Segment Start: Extracted records

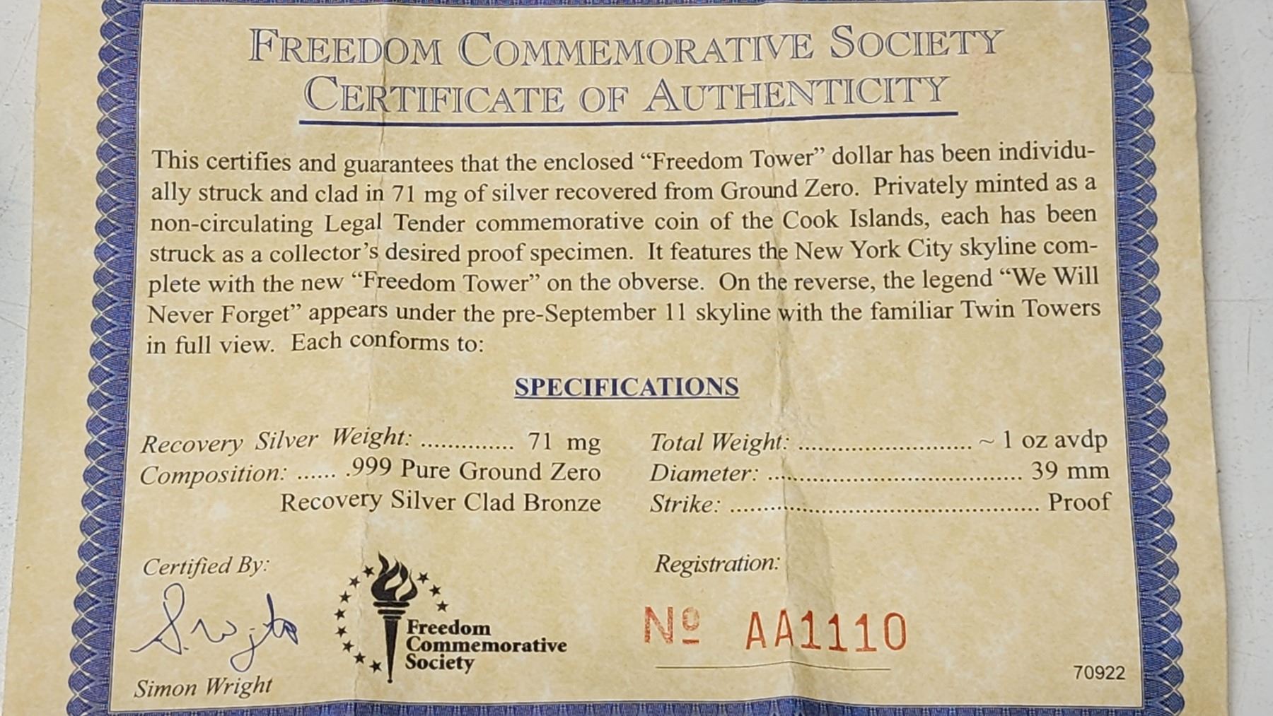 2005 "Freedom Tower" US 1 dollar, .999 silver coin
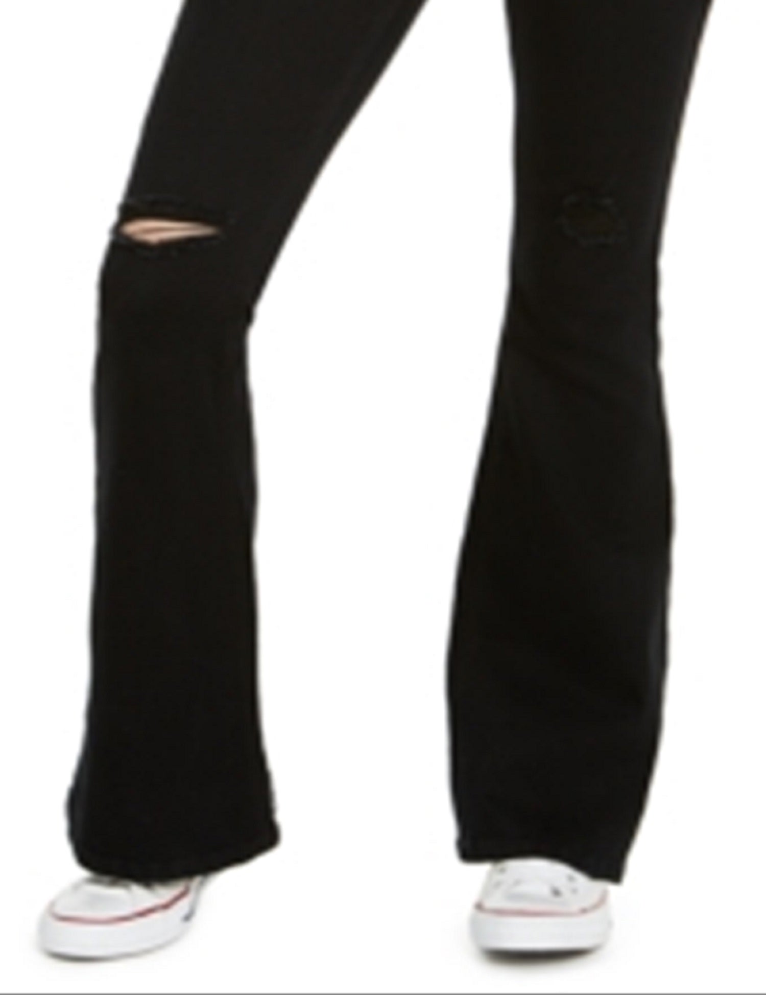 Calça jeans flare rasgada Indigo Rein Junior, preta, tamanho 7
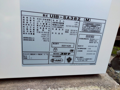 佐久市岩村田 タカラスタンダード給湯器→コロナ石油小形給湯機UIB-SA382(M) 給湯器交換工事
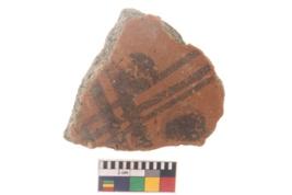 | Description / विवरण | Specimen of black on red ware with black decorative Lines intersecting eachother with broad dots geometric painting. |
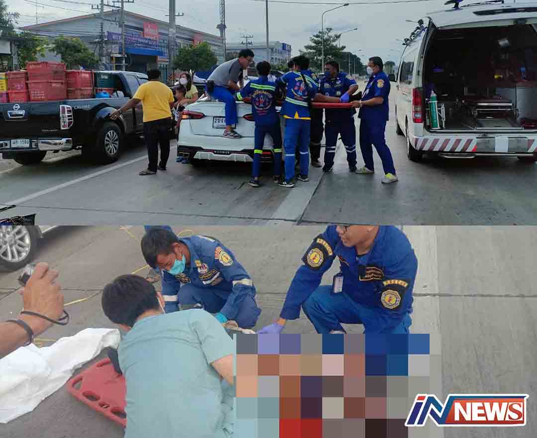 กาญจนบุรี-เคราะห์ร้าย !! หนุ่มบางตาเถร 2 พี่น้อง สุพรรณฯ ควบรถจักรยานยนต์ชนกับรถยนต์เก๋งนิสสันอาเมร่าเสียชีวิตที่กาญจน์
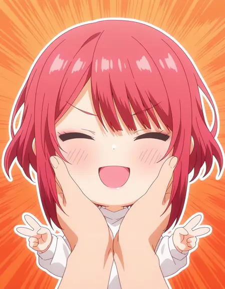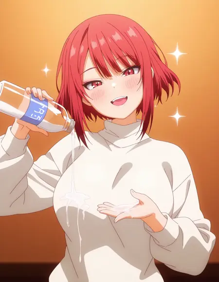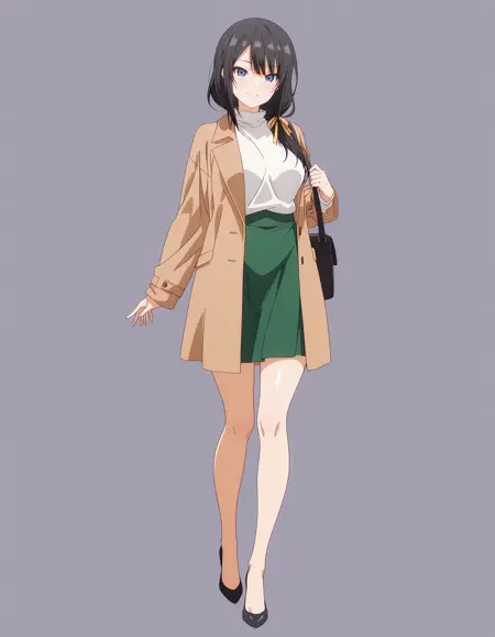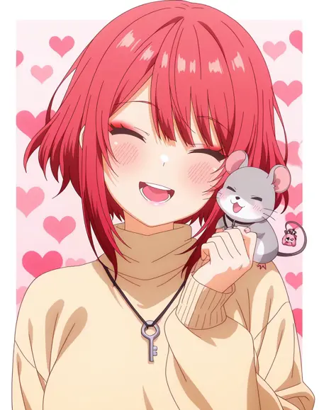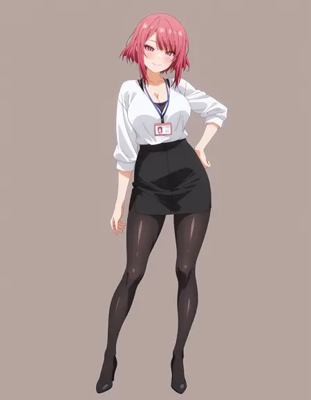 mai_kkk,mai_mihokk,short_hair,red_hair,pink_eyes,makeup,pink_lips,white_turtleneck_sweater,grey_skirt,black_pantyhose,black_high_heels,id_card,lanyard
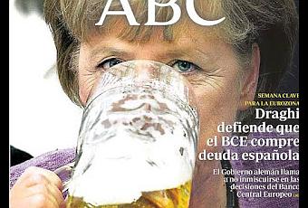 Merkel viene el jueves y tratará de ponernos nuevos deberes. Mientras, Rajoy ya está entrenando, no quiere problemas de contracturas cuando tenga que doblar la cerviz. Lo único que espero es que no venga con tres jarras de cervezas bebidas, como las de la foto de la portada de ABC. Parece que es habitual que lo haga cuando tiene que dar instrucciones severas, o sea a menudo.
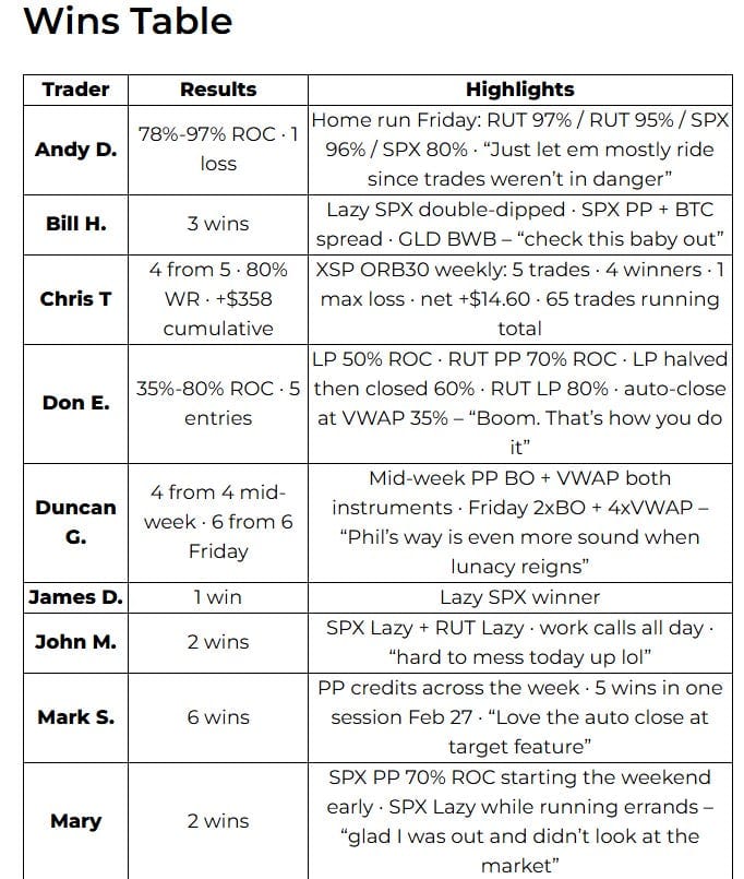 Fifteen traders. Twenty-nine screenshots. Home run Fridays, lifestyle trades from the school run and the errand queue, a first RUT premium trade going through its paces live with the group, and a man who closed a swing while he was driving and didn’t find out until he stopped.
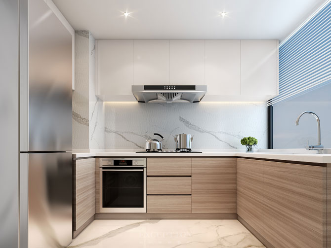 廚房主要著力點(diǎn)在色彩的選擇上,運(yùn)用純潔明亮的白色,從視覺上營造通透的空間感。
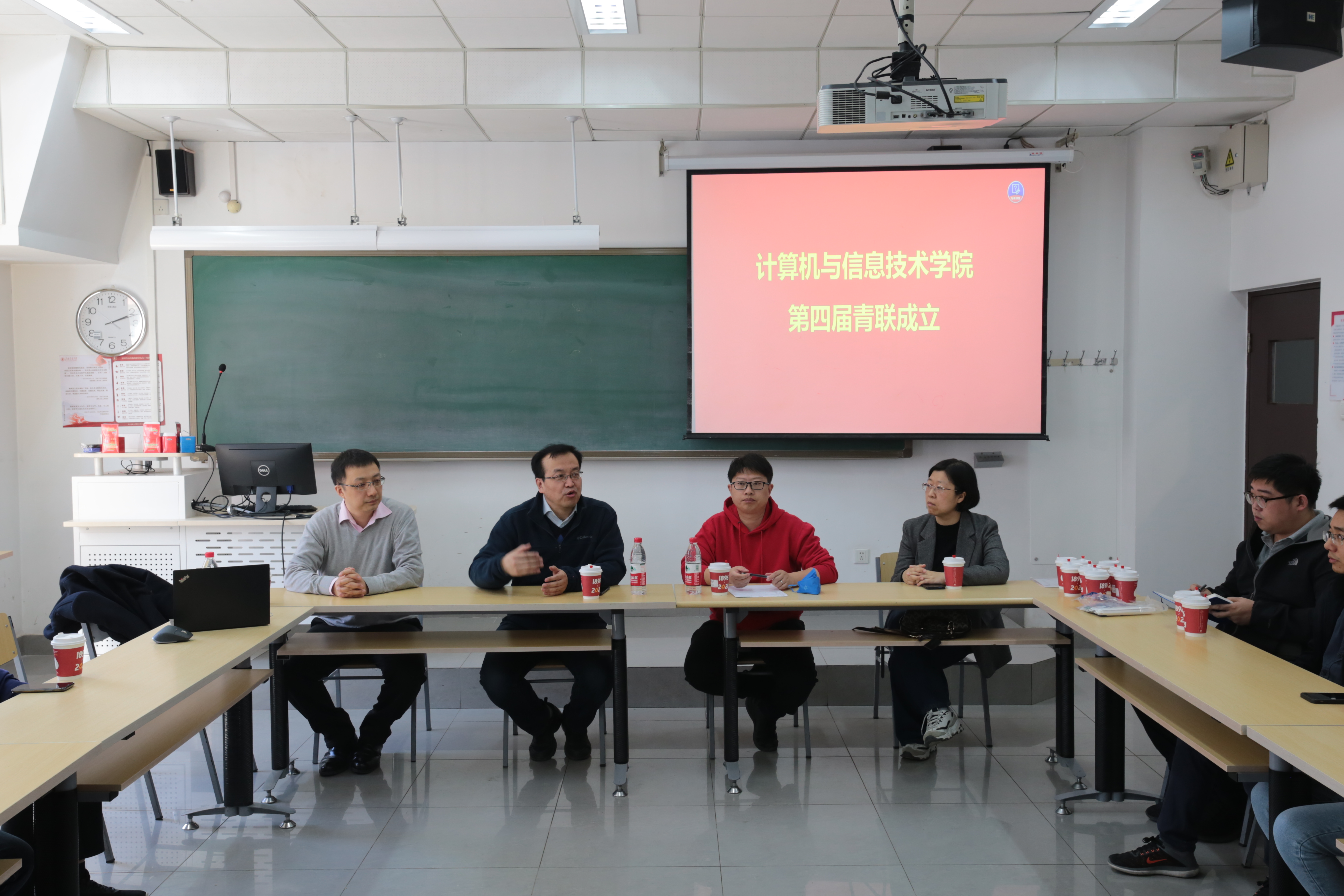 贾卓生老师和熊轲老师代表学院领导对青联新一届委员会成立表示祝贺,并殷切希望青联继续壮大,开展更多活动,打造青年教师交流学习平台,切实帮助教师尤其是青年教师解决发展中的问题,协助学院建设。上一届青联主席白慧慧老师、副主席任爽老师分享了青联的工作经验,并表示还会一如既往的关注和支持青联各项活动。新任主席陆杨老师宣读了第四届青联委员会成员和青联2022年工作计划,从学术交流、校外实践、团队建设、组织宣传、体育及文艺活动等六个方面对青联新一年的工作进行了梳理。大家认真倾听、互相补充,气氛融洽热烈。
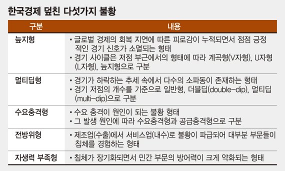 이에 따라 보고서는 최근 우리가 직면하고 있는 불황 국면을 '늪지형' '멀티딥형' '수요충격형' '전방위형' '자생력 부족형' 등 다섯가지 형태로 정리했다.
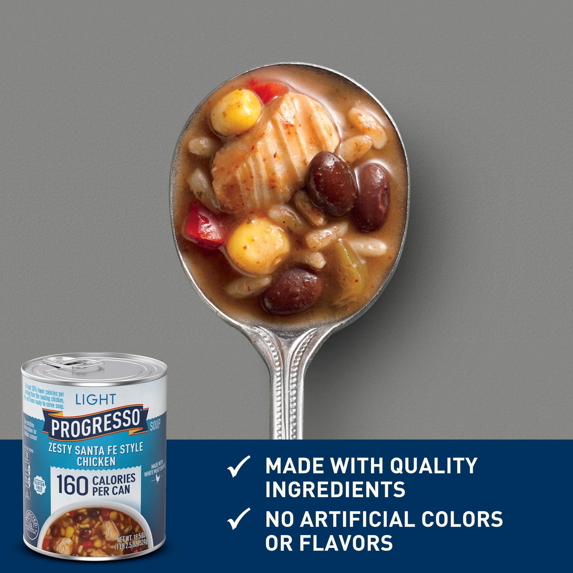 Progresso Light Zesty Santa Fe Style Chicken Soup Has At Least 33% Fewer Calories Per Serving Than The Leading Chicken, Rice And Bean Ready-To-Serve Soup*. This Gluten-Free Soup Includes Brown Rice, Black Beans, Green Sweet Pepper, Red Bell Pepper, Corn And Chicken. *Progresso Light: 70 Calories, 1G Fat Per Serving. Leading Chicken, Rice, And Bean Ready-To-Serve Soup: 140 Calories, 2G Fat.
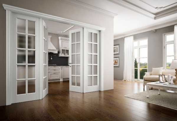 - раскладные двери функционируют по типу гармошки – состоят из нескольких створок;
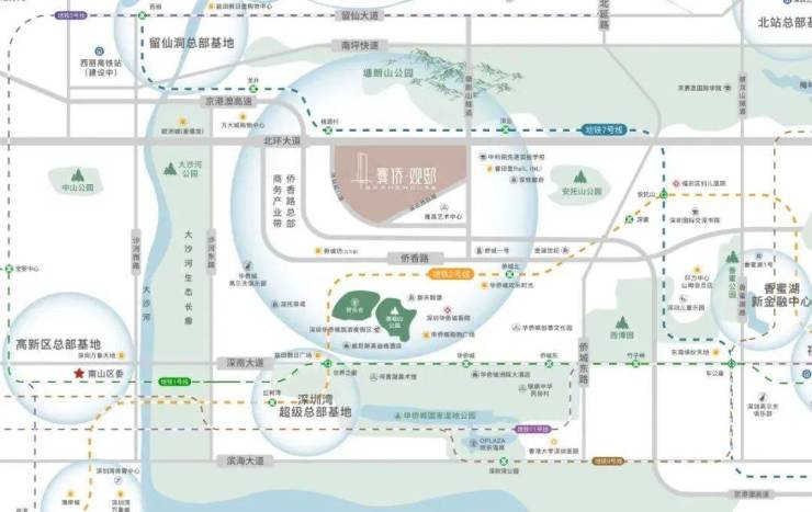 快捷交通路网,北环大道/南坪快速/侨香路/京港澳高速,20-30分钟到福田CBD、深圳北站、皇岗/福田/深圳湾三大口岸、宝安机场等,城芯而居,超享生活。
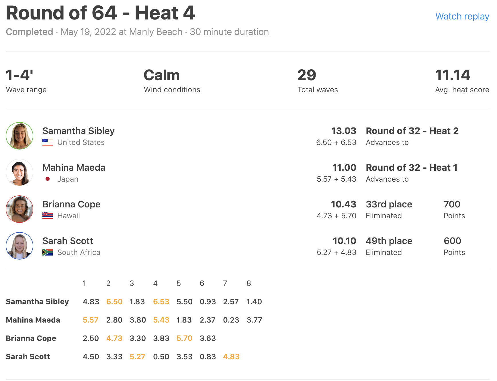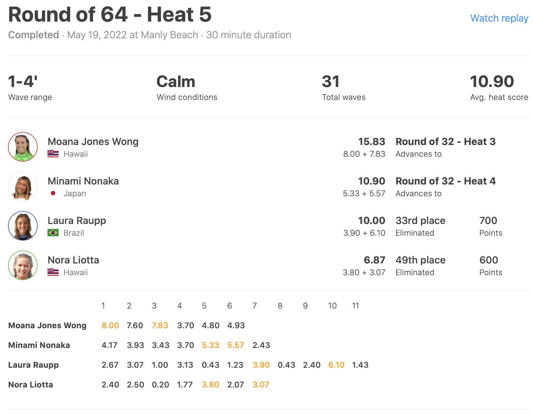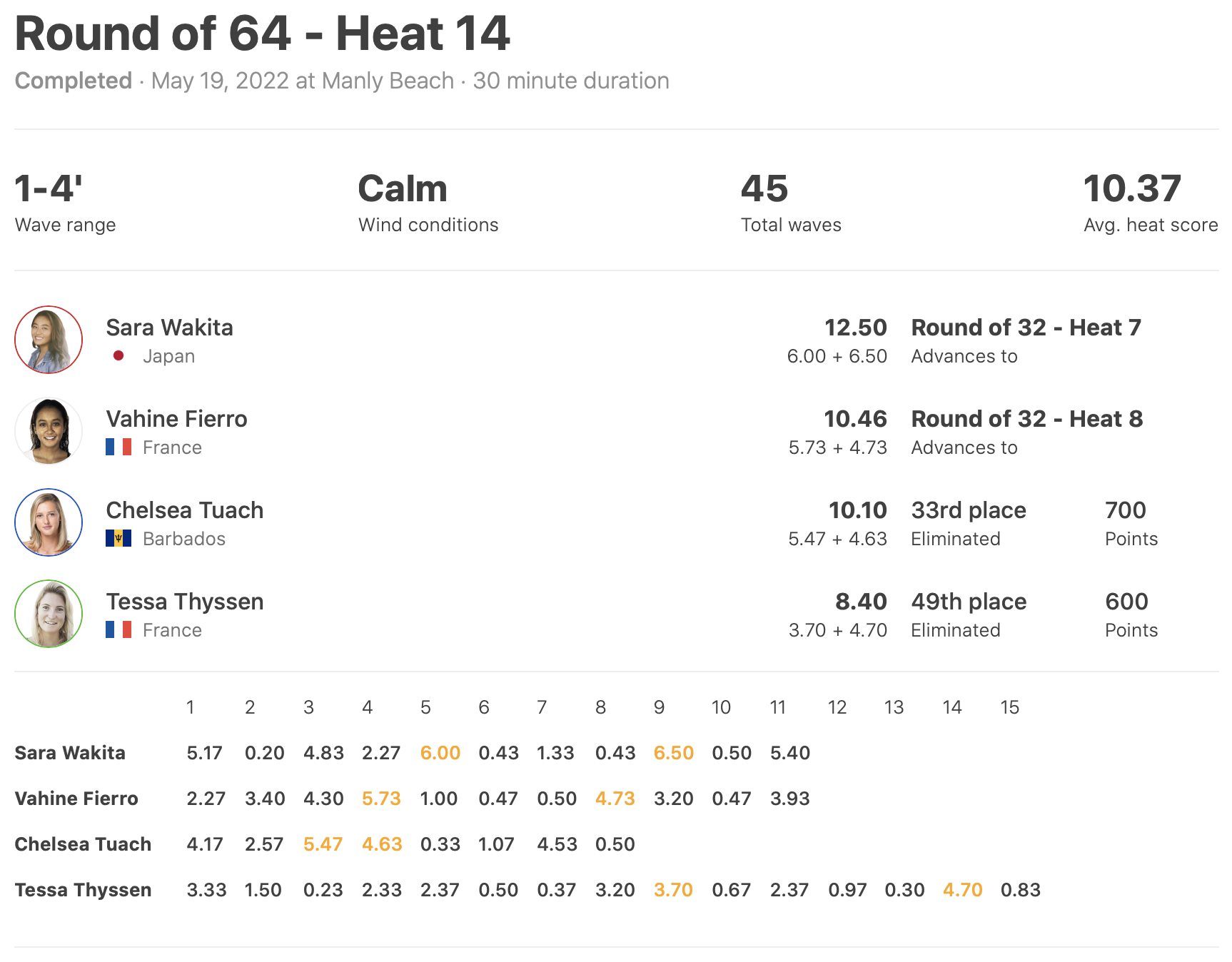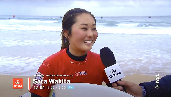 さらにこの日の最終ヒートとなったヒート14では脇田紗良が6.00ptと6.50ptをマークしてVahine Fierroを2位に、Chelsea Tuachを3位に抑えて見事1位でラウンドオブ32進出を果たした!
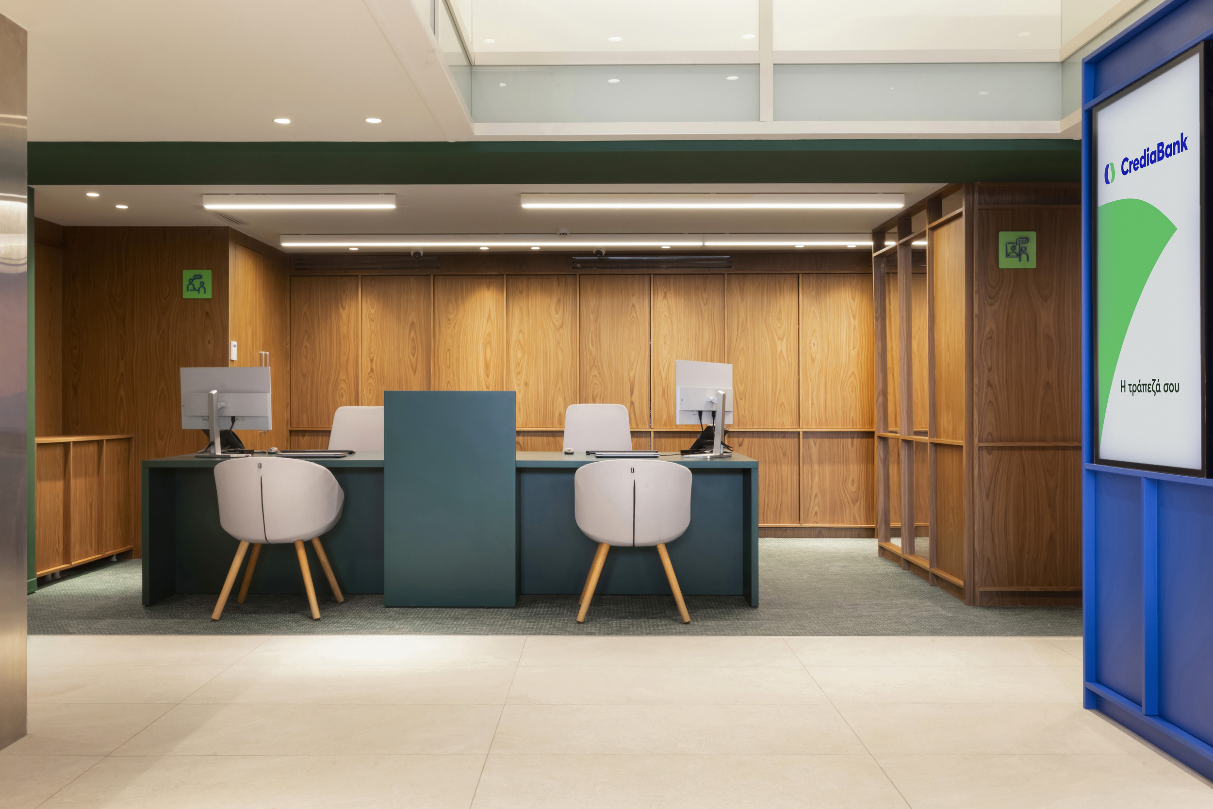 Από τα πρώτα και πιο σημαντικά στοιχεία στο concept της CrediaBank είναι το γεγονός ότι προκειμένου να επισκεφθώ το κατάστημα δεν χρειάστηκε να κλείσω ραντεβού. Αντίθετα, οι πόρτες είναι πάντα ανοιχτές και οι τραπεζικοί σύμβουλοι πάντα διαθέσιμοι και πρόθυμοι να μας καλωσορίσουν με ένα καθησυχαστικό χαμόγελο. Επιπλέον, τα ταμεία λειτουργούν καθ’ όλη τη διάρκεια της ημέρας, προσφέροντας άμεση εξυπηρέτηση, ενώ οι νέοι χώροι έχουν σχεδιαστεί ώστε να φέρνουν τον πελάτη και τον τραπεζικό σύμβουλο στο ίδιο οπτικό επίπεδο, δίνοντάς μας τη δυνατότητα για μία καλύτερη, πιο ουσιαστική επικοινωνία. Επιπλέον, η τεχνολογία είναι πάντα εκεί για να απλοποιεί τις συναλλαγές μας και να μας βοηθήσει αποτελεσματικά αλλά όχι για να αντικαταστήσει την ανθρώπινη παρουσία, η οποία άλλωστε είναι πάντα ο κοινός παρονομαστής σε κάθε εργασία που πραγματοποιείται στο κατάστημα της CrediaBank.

Segment End: Extracted records

■ **Directions for this task**:
Skipping the pictures, print the lines in the listing above exactly as written, starting at the line with "กาญจนบุรี-เคราะห์ร้าย !! หนุ่มบางตาเถร" and ending at the line with "이에 따라 보고서는 최근", both included.

■ **Answer space**:
 กาญจนบุรี-เคราะห์ร้าย !! หนุ่มบางตาเถร 2 พี่น้อง สุพรรณฯ ควบรถจักรยานยนต์ชนกับรถยนต์เก๋งนิสสันอาเมร่าเสียชีวิตที่กาญจน์
 mai_kkk,mai_mihokk,short_hair,red_hair,pink_eyes,makeup,pink_lips,white_turtleneck_sweater,grey_skirt,black_pantyhose,black_high_heels,id_card,lanyard
 Merkel viene el jueves y tratará de ponernos nuevos deberes. Mientras, Rajoy ya está entrenando, no quiere problemas de contracturas cuando tenga que doblar la cerviz. Lo único que espero es que no venga con tres jarras de cervezas bebidas, como las de la foto de la portada de ABC. Parece que es habitual que lo haga cuando tiene que dar instrucciones severas, o sea a menudo.
 Fifteen traders. Twenty-nine screenshots. Home run Fridays, lifestyle trades from the school run and the errand queue, a first RUT premium trade going through its paces live with the group, and a man who closed a swing while he was driving and didn’t find out until he stopped.
 廚房主要著力點(diǎn)在色彩的選擇上,運(yùn)用純潔明亮的白色,從視覺上營造通透的空間感。
 贾卓生老师和熊轲老师代表学院领导对青联新一届委员会成立表示祝贺,并殷切希望青联继续壮大,开展更多活动,打造青年教师交流学习平台,切实帮助教师尤其是青年教师解决发展中的问题,协助学院建设。上一届青联主席白慧慧老师、副主席任爽老师分享了青联的工作经验,并表示还会一如既往的关注和支持青联各项活动。新任主席陆杨老师宣读了第四届青联委员会成员和青联2022年工作计划,从学术交流、校外实践、团队建设、组织宣传、体育及文艺活动等六个方面对青联新一年的工作进行了梳理。大家认真倾听、互相补充,气氛融洽热烈。
 이에 따라 보고서는 최근 우리가 직면하고 있는 불황 국면을 '늪지형' '멀티딥형' '수요충격형' '전방위형' '자생력 부족형' 등 다섯가지 형태로 정리했다.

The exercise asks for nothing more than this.